Collaborate Executive Director, Dr Henry Kippin, said:
“The NHS, social care and other local partners must use Sustainability and Transformation planning (STP) processes as a springboard to achieve more effective collaboration across care settings and organisational silos. But building the right relationships between commissioners, providers and partners will not happen by accident. The Commission is right to highlight the cultural – as well as structural – challenge this poses. We must grasp the opportunity to work across organisational lines and redesign better care for people and places”.
Ruth Cooke, CEO at Midland Heart said:
“The report underpins the very real need for a whole system approach to health and care. We see the significant value that joined up services can bring with our innovative work to help individuals home after a stay in hospital. A longer term plan is essential in ensuring greater savings in the midst of budgetary challenges and will ultimately mean that individuals receive the right care, when and where they need it most.”
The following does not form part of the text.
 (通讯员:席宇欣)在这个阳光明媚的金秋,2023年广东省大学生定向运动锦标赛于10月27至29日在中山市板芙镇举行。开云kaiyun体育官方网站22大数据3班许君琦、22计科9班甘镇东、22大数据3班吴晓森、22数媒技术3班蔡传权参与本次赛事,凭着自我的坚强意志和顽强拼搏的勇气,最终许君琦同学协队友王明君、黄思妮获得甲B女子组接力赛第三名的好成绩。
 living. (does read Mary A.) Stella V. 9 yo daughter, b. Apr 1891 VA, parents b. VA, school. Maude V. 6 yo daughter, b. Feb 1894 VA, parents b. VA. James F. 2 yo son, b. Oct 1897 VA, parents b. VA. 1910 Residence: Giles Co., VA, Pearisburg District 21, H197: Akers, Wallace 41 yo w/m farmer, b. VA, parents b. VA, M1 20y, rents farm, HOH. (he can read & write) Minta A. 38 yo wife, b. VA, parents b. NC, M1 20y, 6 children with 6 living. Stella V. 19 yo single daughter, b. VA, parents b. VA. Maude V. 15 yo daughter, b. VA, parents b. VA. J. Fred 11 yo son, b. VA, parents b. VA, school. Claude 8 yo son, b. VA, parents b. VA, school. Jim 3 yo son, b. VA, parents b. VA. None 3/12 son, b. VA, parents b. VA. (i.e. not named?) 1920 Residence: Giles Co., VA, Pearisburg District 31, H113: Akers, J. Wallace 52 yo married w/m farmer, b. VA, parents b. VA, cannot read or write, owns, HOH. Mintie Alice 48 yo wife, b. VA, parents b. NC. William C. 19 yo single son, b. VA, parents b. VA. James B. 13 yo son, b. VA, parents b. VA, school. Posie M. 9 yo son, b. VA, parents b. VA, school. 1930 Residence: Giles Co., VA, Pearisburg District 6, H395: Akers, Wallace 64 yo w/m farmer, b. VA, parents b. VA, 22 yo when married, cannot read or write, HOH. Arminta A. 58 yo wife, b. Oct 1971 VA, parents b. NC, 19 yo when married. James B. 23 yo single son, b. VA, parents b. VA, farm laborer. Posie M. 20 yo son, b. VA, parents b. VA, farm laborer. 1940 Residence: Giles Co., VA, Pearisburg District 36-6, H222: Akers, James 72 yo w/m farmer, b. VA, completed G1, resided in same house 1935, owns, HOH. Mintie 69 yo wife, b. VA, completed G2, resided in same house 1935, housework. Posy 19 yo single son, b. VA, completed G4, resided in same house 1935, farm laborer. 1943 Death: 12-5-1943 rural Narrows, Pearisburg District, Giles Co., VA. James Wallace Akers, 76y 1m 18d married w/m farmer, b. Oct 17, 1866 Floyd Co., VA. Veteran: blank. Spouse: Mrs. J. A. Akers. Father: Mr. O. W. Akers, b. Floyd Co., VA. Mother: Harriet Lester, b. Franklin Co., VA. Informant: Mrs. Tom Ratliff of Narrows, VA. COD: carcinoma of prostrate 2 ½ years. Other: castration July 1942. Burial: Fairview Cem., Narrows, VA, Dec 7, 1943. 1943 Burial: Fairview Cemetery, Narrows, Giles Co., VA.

Responding to the Place-Based Health Commission Report, Mike Adamson, chief executive of the British Red Cross, said:
“It is no secret that this country is facing a social care crisis. With an ageing population, we need to act so that our services can meet the growing need. We must make sure that people are at the centre of their own care and move away from a one size fits all approach to treatment and support. Place-based health is about fully integrating prevention and care into local services, by coming together they can help people better take control of their health and wellbeing.”